Siberiana fin nelle ossa e nel sangue, nel cuore e nell'anima, nipote di uno dei capi dei Decabristi ed ultima erede della famiglia russa più temuta dallo zar, è quasi impazzita in prigione ma sa che non è finita.
Geórgos vive per la guerra e per il cielo di Sparta.
Nato durante la Guerra d'Indipendenza Greca e nipote del capo dei Kléftes, i briganti e i partigiani del Peloponneso, ogni notte spara alle stelle perché ha un conto in sospeso con gli Dei.
Feri è uno zingaro ungherese, il terzogenito di Kolnay Desztor, il criminale del secolo, e il più coraggioso dei suoi fratelli.
Legge il destino tra le linee della mano, e tre anni di galera e lavori forzati non sono bastati a fargli smettere di credere nel suo.
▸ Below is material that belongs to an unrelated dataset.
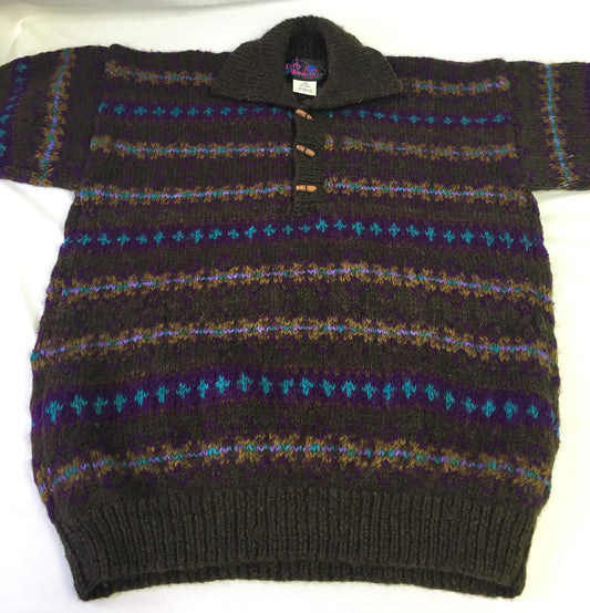 Vintage 90s Green Multicolor Striped Geometric Abstract Wool Quarter Button Up Sweater, Sz. L, Vintage Unisex Grandpa Style Sweater

Nikolaj, ussaro polacco e pianista mancato, crede di aver perso tutto.
Sa che l'epilessia, i complessi d'inferiorità nei confronti del padre morto, l'ossessione per sua cugina e i suoi sogni infranti lo uccideranno, ma la sua morte vuole deciderla lui, e a ventidue anni s'impicca per disperazione e per vendetta.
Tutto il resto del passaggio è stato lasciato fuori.